▶ _Problem requirements_:
Everything from the line holding "- букеты из" through the final line of the entries below is to be written out exactly, and nothing more; leave out pictures.

▶ _Supplied material_:

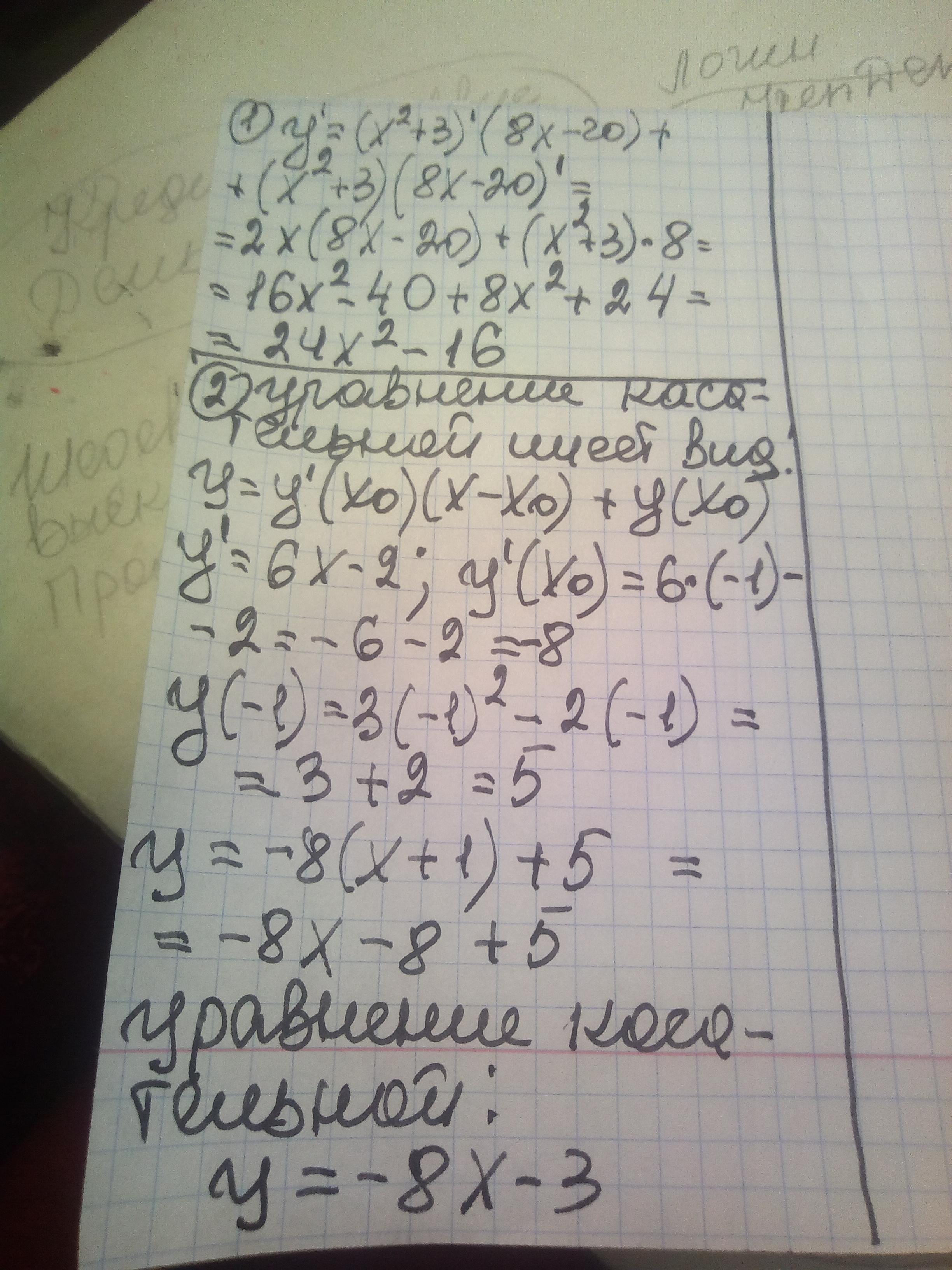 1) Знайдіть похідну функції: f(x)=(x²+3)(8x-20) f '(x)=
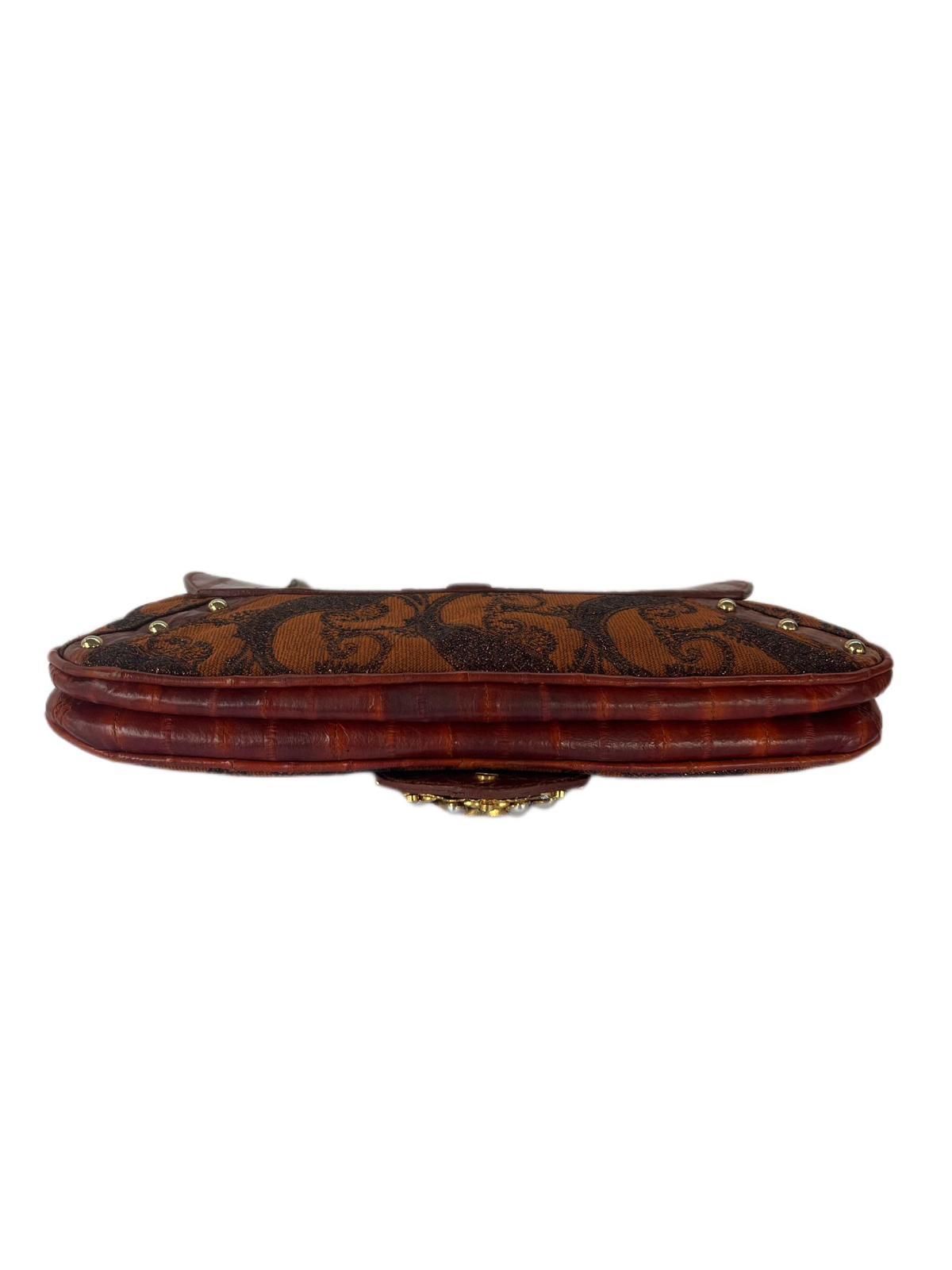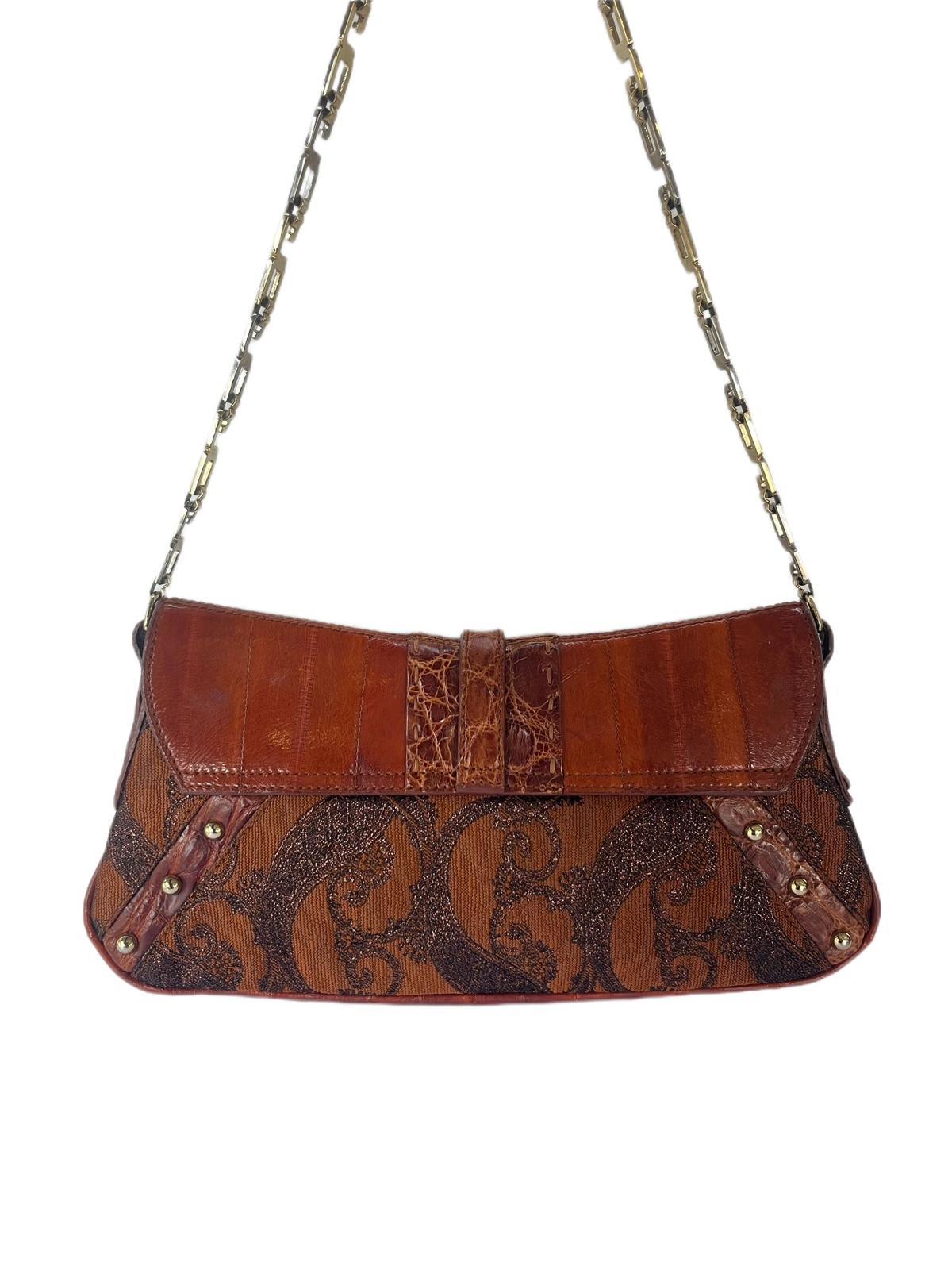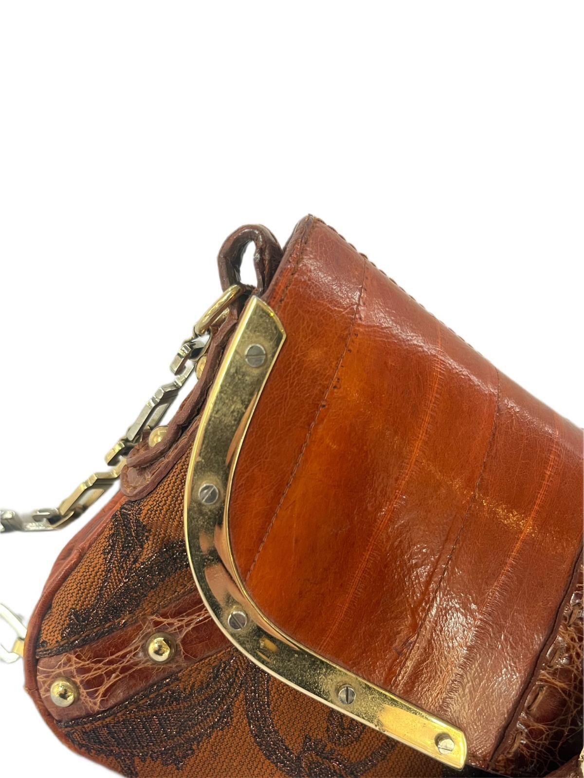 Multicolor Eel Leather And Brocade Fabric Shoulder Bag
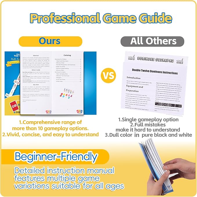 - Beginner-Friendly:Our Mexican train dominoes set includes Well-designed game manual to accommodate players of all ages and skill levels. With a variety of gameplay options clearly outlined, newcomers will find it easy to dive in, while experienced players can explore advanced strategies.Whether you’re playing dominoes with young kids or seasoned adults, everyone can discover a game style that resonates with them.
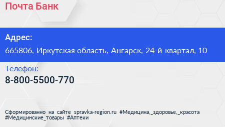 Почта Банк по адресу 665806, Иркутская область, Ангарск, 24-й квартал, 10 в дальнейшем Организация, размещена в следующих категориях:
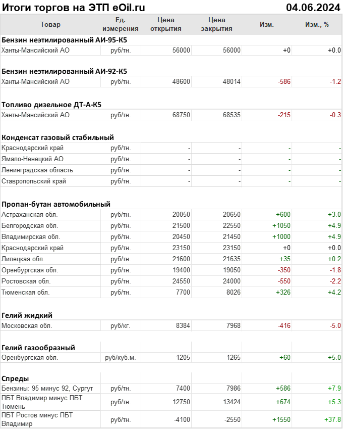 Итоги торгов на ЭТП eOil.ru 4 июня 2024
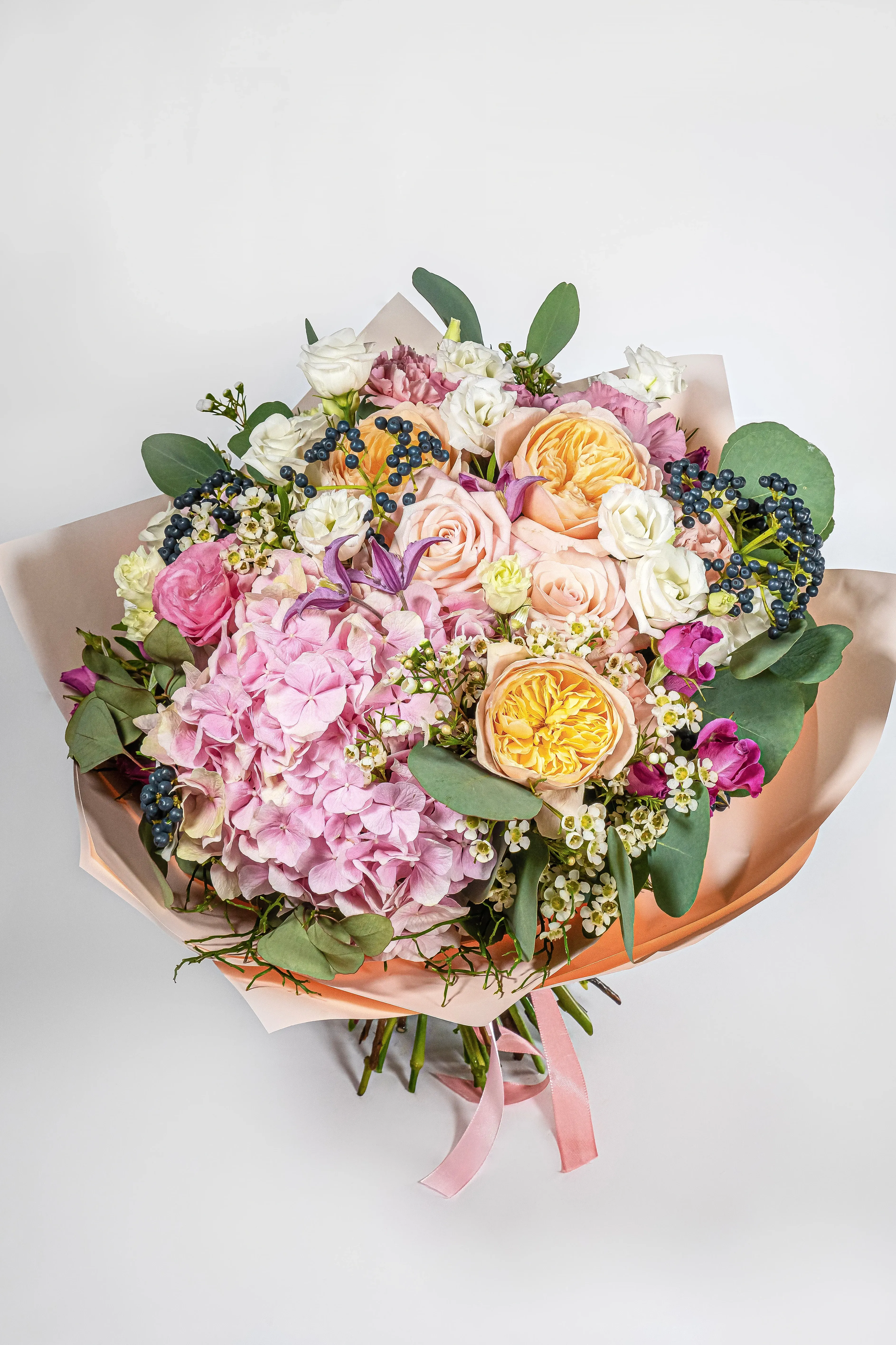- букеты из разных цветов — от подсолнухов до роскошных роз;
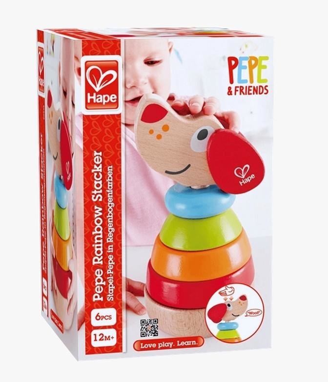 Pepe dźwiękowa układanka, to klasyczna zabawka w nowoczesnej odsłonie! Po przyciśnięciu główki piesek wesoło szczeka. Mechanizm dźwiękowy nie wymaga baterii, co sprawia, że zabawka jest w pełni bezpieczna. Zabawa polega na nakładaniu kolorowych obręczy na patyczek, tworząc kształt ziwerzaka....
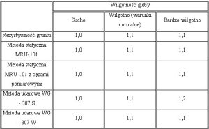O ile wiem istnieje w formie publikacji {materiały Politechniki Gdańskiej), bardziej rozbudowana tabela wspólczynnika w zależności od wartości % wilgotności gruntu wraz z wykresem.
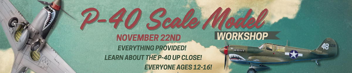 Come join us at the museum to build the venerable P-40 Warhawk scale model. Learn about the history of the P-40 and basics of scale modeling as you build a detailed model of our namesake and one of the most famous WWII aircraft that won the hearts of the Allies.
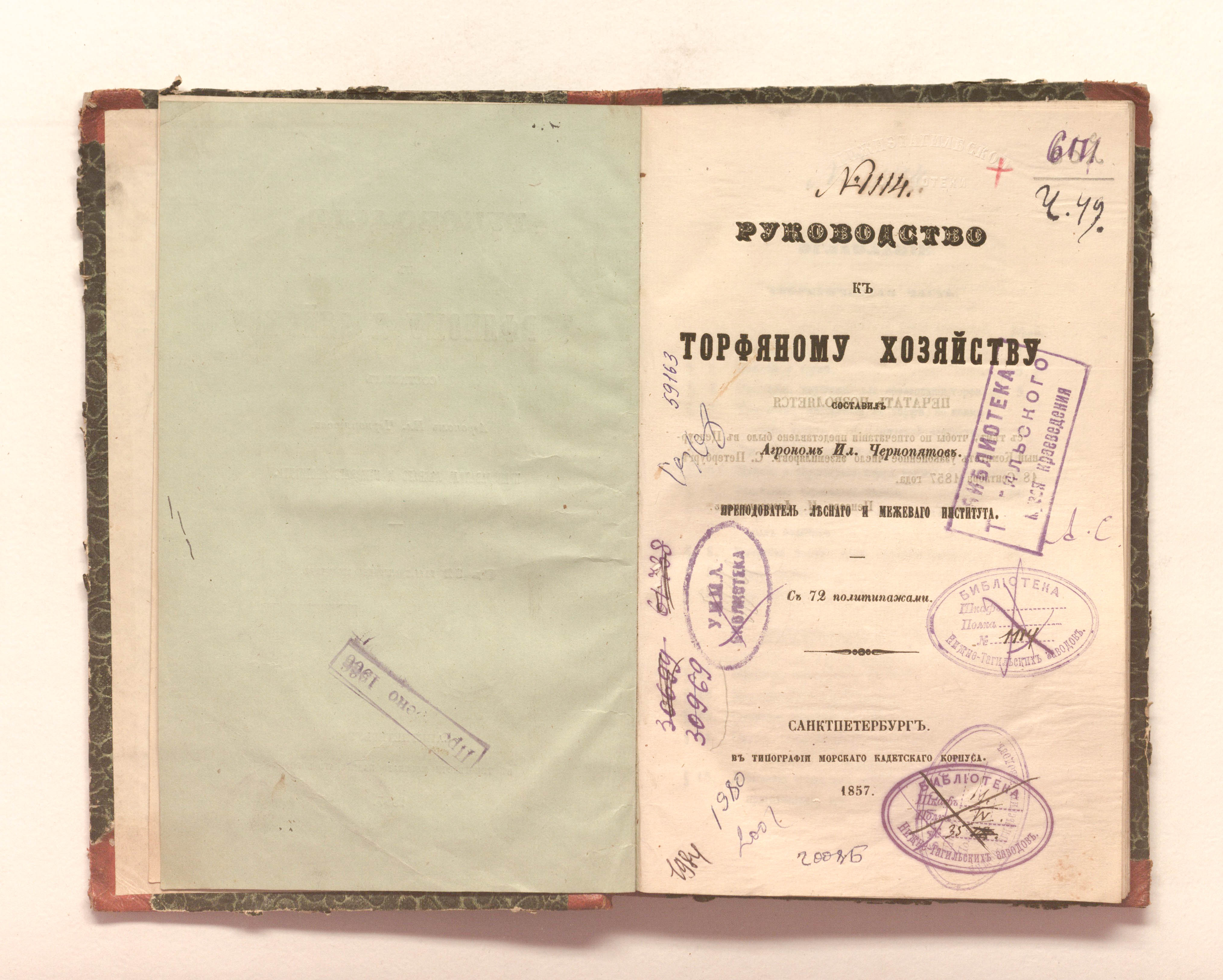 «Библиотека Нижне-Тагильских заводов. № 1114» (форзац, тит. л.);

▶ _Result for this task_:
- букеты из разных цветов — от подсолнухов до роскошных роз;
 Pepe dźwiękowa układanka, to klasyczna zabawka w nowoczesnej odsłonie! Po przyciśnięciu główki piesek wesoło szczeka. Mechanizm dźwiękowy nie wymaga baterii, co sprawia, że zabawka jest w pełni bezpieczna. Zabawa polega na nakładaniu kolorowych obręczy na patyczek, tworząc kształt ziwerzaka....
O ile wiem istnieje w formie publikacji {materiały Politechniki Gdańskiej), bardziej rozbudowana tabela wspólczynnika w zależności od wartości % wilgotności gruntu wraz z wykresem.
 Come join us at the museum to build the venerable P-40 Warhawk scale model. Learn about the history of the P-40 and basics of scale modeling as you build a detailed model of our namesake and one of the most famous WWII aircraft that won the hearts of the Allies.
 «Библиотека Нижне-Тагильских заводов. № 1114» (форзац, тит. л.);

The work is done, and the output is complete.